SOURCE INFORMATION =
##########
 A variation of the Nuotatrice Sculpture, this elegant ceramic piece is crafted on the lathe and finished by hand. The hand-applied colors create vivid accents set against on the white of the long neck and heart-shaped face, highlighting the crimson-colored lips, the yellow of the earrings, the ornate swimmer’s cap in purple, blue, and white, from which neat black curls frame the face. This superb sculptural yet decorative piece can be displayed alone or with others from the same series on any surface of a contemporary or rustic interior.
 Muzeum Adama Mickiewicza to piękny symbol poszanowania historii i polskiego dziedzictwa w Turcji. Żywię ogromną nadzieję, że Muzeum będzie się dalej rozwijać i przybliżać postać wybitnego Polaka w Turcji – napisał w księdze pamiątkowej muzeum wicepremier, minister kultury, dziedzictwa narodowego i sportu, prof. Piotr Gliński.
##########
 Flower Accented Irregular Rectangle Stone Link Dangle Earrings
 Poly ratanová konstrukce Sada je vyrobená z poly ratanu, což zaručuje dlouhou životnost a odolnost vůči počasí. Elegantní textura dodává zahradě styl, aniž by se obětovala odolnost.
##########
WHAT IS EXPECTED =
All lines in the listing above from the line containing "Flower Accented Irregular" to the line containing "Poly ratanová konstrukce", inclusive, should be retyped exactly; no other lines should appear.

REPLY =
 Flower Accented Irregular Rectangle Stone Link Dangle Earrings
 Poly ratanová konstrukce Sada je vyrobená z poly ratanu, což zaručuje dlouhou životnost a odolnost vůči počasí. Elegantní textura dodává zahradě styl, aniž by se obětovala odolnost.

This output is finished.